The David Newcomb comment tells the truth :
spring.cache.type=NONE
doesn't switch caching off, it prevents things
from being cached. i.e. it still adds 27 layers of AOP/interceptor
stack to your program, it's just that it doesn't do the caching. It
depends what he means by "turn it all off".
Using this option may fast up the application startup but could also have some overheads.

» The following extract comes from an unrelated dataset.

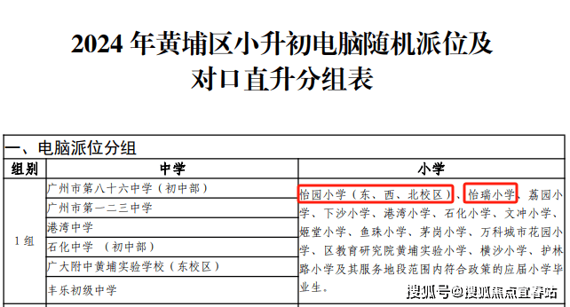 怡园小学及怡瑞小学,派位分组里面有黄埔广附东校区、86中、123中、石化中学、港湾中学、丰乐初级中学。

1)To disable completely the Spring Cache feature
Move the @EnableCaching
class in a dedicated configuration class that we will wrap with a @Profile
to enable it :
@Profile("!dev")
@EnableCaching
@Configuration
public class CachingConfiguration {}
Of course if you already have a Configuration
class that is enabled for all but the dev
environment, just reuse it :
@Profile("!dev")
//... any other annotation
@EnableCaching
@Configuration
public class NoDevConfiguration {}
2) Use a fake (noop) Cache manager
In some cases, activating @EnableCaching
by profile is not enough because some of your classes or some Spring dependencies of your app expect to retrieve from the Spring container a bean implementing the org.springframework.cache.CacheManager
interface.
In this case, the right way is using a fake implementation that will allow Spring to resolve all dependencies while the implementation of the CacheManager
is overhead free.
We could achieve it by playing with @Bean
and @Profile
:
import org.springframework.cache.support.NoOpCacheManager;
@Configuration
public class CacheManagerConfiguration {
@Bean
@Profile("!dev")
public CacheManager getRealCacheManager() {
return new CaffeineCacheManager();
// or any other implementation
// return new EhCacheCacheManager();
}
@Bean
@Profile("dev")
public CacheManager getNoOpCacheManager() {
return new NoOpCacheManager();
}
}
Or if it is more suitable, you can add the spring.cache.type=NONE
property that produces the same result as written in the M. Deinum answer.